With regard to GHG and the EPA’s RFS [renewable fuel standard] 2 rule, … the concept of “indirect land use changes” (ILUC) get criticized for being faulty, but it actually is pretty sound.  

Consider, if ethanol drives up US corn  plantings (which it did) and drives down US soybean plantings and production (which it did, because the US – the largest producer and exporter – has only so much farm land and not much tillable acreage to expand) and thereby raises the world price of soybeans, it raises the incentives to grow soybeans elsewhere in the world.  It just so happens Brazil – which is the world’s second largest producer and exporter – is the most likely place where additional soybeans will be grown on virgin land because that is where the virgin land is. 

The real weak link in this GHG lifecycle emissions concept is the ability to measure and value the carbon emissions and sequestration and the process by which “value” gets assigned to practices and manufacturing processes.  Yet, as might be expected from ethanol advocates, it is the simple, fundamental, and rational economic concept that is argued against.    Consider the perspectives shared by a lobbyist and a US Senator on the issue of “indirect land use changes” driven by US biofuel policy:

  •  Basically, the EPA has determined that the production of ethanol in America is forcing land use changes in Brazil and other foreign countries to destroy their valuable rain forests to produce farm commodities to make up for reduced exports of these commodities from the United States. Mr. Chairman, I have been in Washington for a long time, but I have never heard of a more bizarre concept. – Tom Buis, CEO, Growth Energy
  •  Every chance I get, I’m going to bring this issue up. It’s so obvious that the EPA’s rationale doesn’t meet the common sense test.  It’s ridiculous to think that Brazilian farmers are looking to see what Iowa farmers are doing to determine how they run their own business, and quite frankly it’s plain unfair to farmers. –  Honorable Charles Grassley, US Senator (R-IA)

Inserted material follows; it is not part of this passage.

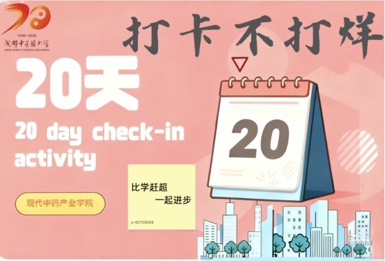 当成都中医药大学70周年校庆的倒计时钟声敲响,“光荣与梦想·我的成中医”的校庆主题在校园里激荡回响,正值学风建设月开展之际,为厚植中医药文化底蕴,涵养勤学笃实的优良学风,成都中医药大学现代中药产业学院以“青春逐药·学风正好”为主题,于11月正式启动学风建设月系列活动。本次活动涵盖云端书话、学习打卡、经验分享、笔记大赛等多元形式,覆盖大一至大三全体学生,旨在通过沉浸式、互动性活动,引导学子在交流中提升学习能力,在实践中筑牢专业根基。

Addressing these comments above is one of those cases where a picture is indeed worth 1,000 words:

corn-and-soy-us-and-brazil

SOURCE: USDA, Foreign Agricultural Service: Production, Supply, and Distribution Online

Added: May 29, 2009

Lisa Lerer delves into the ”life cycle analysis” controversy in the May 26 issue of Politico.  Farm state Democrats are threatening to oppose the Waxman-Markey bill if, as required by EISA, EPA considers the indirect impacts on land-use changes abroad when determining the life-cycle CO2 emissions of domestic ethanol production. 

The same lawmakers enthusiastically supported the EISA renewable fuel program as a global warming policy when they thought it would rig the market in favor of corn farmers. Now they’re threatening to derail Obama’s cap-and-trade initiative if EPA follows the law they helped enact. 

Obama campaigned on a platform of CHANGE, but he may find that in Washington still, Pork Rules and Corn Is King.